RECORDS FOR PROCESSING:
......

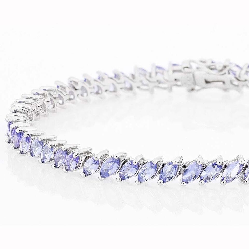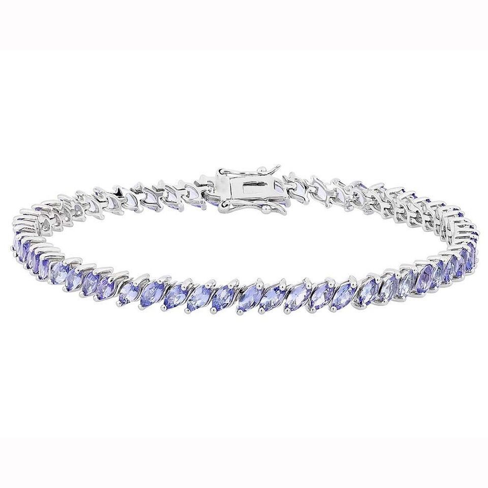 6.65 Ctw Marquise Lab Created Tanzanite 14K White Gold Plated Tennis Bracelet 8"
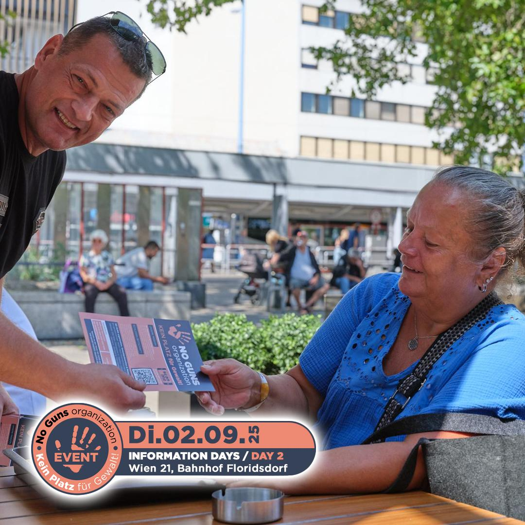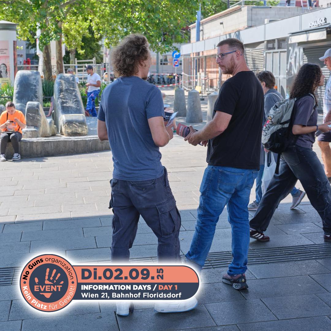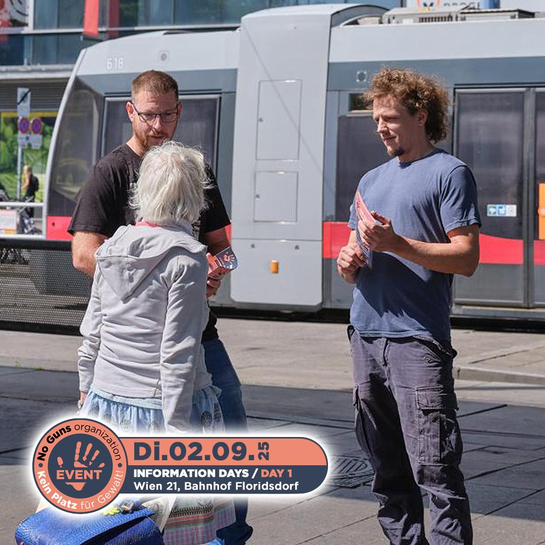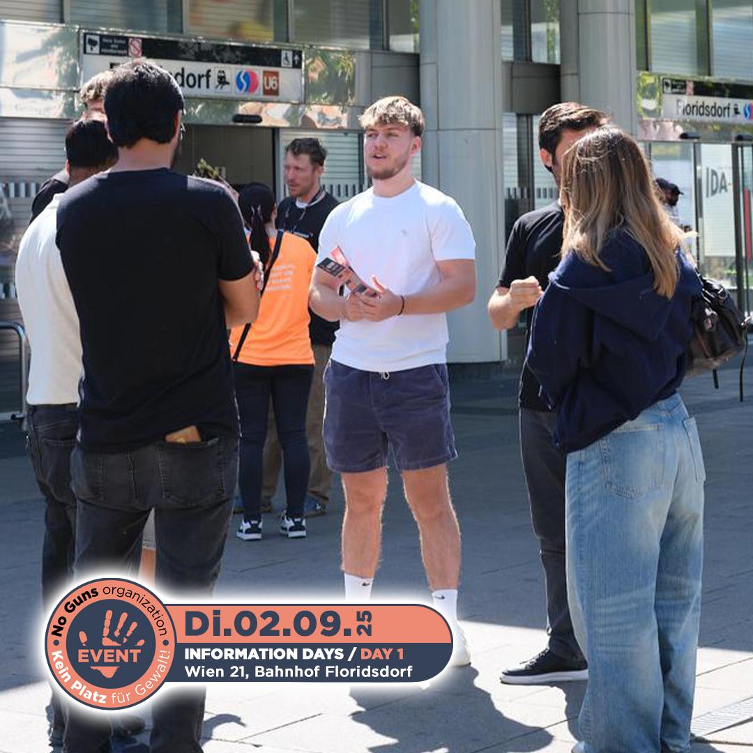Am 2. September 2025 fand der erste Informationstag der no guns organization statt. Engagierte Freiwillige waren am Bahnhof Floridsdorf im 21. Bezirk von Wien unterwegs. Mit Flyern und persönlichen Gesprächen machten sie Passantinnen und Passanten auf unsere Organisation aufmerksam und informierten über unsere wichtige Arbeit.
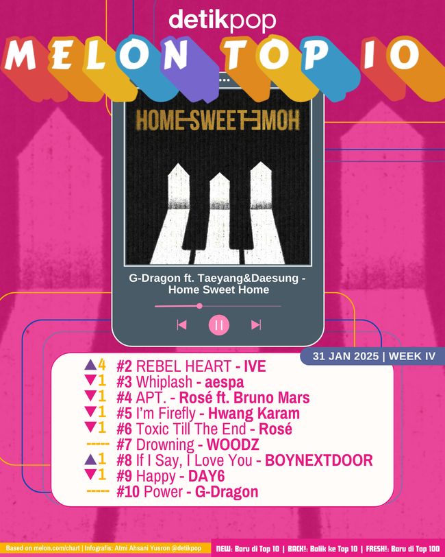 Sesuai prediksi minggu lalu, lagu REBEL HEART milik IVE berhasil ngegas sampai ke posisi #2. Mereka masih dihadang oleh G-Dragon dengan lagu HOME SWEET HOME (dinyanyikan bareng Taeyang dan Daesung) yang masih bertahan di posisi #1.
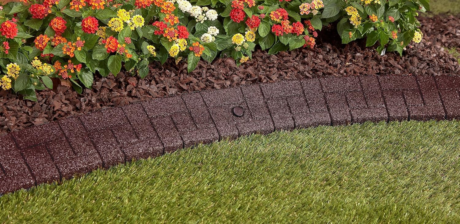 Rubberific Angled Terrracotta Brick curb edging is the perfect edging for flower beds, gardens, sidewalks, driveways, and more. The flexible rubber edging will contour to any landscape and provide any project with an elegent finished look. The color adds a classic and sophisticated look to any landscape. This edging curves and contours to your space to fit any look you want.
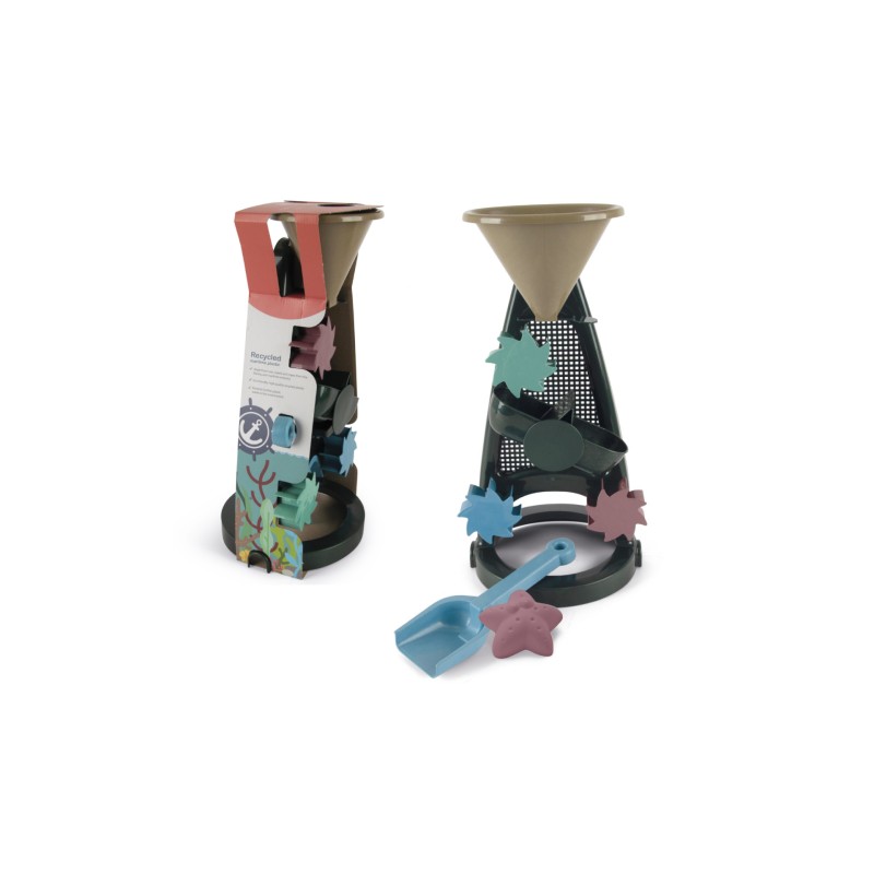 Setul cu nisip și apă este o jucărie de la dantoy, fabricată în Danemarca, din materiale reziduale reciclate din utilizarea maritimă.
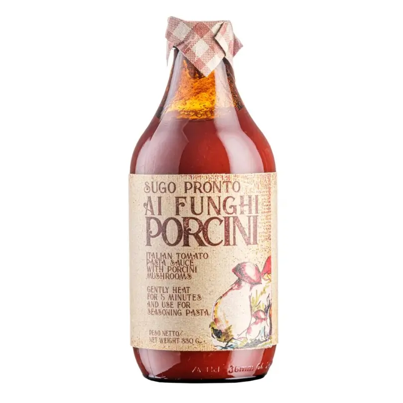 - Zutaten: Tomatenpulpe (Herkunft: Italien), Olivenöl, Steinpilze (Boletus Edulis), rote Zwiebel, Salz, Knoblauch, Petersilie, Säureregulator: Zitronensäure
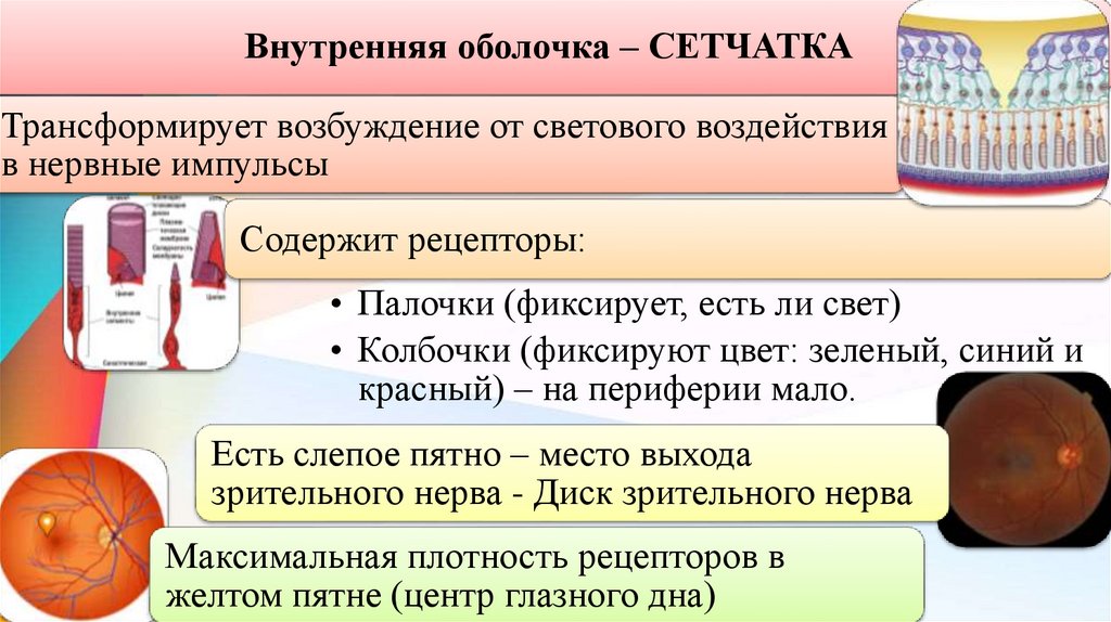 Внутренняя оболочка – СЕТЧАТКАТрансформирует возбуждение от светового воздействия
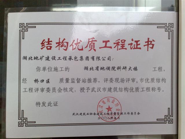 在省地礦局、集團(tuán)領(lǐng)導(dǎo)的關(guān)心和指導(dǎo)下,地調(diào)大樓項(xiàng)目部全體人員經(jīng)過(guò)一年以來(lái)堅(jiān)持不懈的努力,于近日榮獲 “武漢市結(jié)構(gòu)優(yōu)質(zhì)工程”稱(chēng)號(hào)。
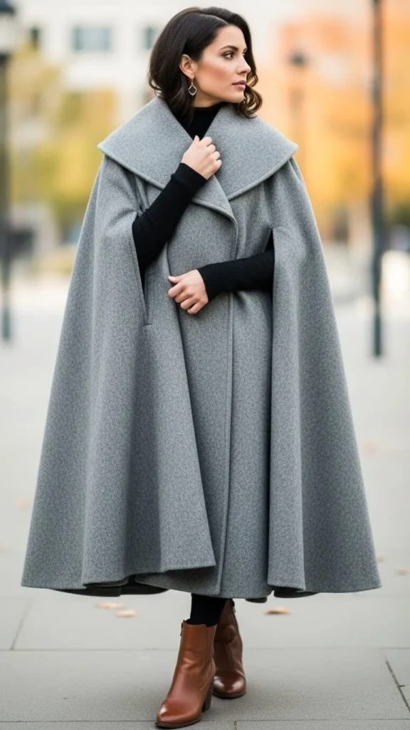 Capes are fashionable and easy to layer. A faux wool cape over a turtleneck offers warmth without restricting movement. Ankle booties keep your feet cozy and sharp. Capes can be sewn from thick blankets or bought cheaply in off-season sales.
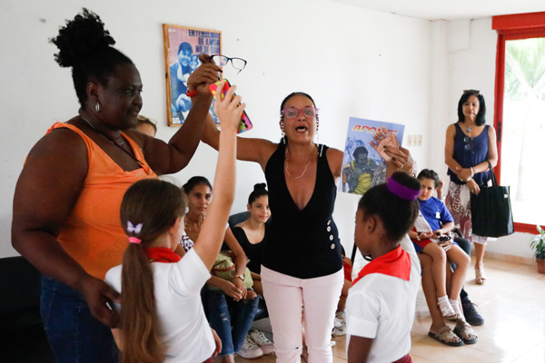 No solo de Aponte se habló en la Escuela de Gimnasia. La Balada de los dos abuelos, del poeta nacional Nicolás Guillén, también formó parte del momento y resultó especial escuchar el poema es esas voces infantiles.
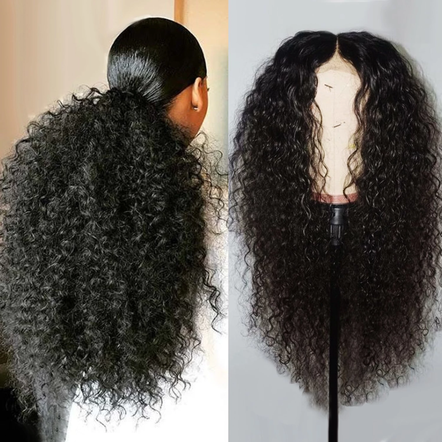 Glueless Wig With Elastic Belt|🎉Lace Frontal Human Hair Kinky Curly Wig Pre Plucked with Baby Hair

......

ACTIVITY: Omit the pictures and reproduce the listing exactly.

WRITTEN SOLUTION:
 6.65 Ctw Marquise Lab Created Tanzanite 14K White Gold Plated Tennis Bracelet 8"
Am 2. September 2025 fand der erste Informationstag der no guns organization statt. Engagierte Freiwillige waren am Bahnhof Floridsdorf im 21. Bezirk von Wien unterwegs. Mit Flyern und persönlichen Gesprächen machten sie Passantinnen und Passanten auf unsere Organisation aufmerksam und informierten über unsere wichtige Arbeit.
 Sesuai prediksi minggu lalu, lagu REBEL HEART milik IVE berhasil ngegas sampai ke posisi #2. Mereka masih dihadang oleh G-Dragon dengan lagu HOME SWEET HOME (dinyanyikan bareng Taeyang dan Daesung) yang masih bertahan di posisi #1.
 Rubberific Angled Terrracotta Brick curb edging is the perfect edging for flower beds, gardens, sidewalks, driveways, and more. The flexible rubber edging will contour to any landscape and provide any project with an elegent finished look. The color adds a classic and sophisticated look to any landscape. This edging curves and contours to your space to fit any look you want.
 Setul cu nisip și apă este o jucărie de la dantoy, fabricată în Danemarca, din materiale reziduale reciclate din utilizarea maritimă.
 - Zutaten: Tomatenpulpe (Herkunft: Italien), Olivenöl, Steinpilze (Boletus Edulis), rote Zwiebel, Salz, Knoblauch, Petersilie, Säureregulator: Zitronensäure
 Внутренняя оболочка – СЕТЧАТКАТрансформирует возбуждение от светового воздействия
 在省地礦局、集團(tuán)領(lǐng)導(dǎo)的關(guān)心和指導(dǎo)下,地調(diào)大樓項(xiàng)目部全體人員經(jīng)過(guò)一年以來(lái)堅(jiān)持不懈的努力,于近日榮獲 “武漢市結(jié)構(gòu)優(yōu)質(zhì)工程”稱(chēng)號(hào)。
 Capes are fashionable and easy to layer. A faux wool cape over a turtleneck offers warmth without restricting movement. Ankle booties keep your feet cozy and sharp. Capes can be sewn from thick blankets or bought cheaply in off-season sales.
 No solo de Aponte se habló en la Escuela de Gimnasia. La Balada de los dos abuelos, del poeta nacional Nicolás Guillén, también formó parte del momento y resultó especial escuchar el poema es esas voces infantiles.
 Glueless Wig With Elastic Belt|🎉Lace Frontal Human Hair Kinky Curly Wig Pre Plucked with Baby Hair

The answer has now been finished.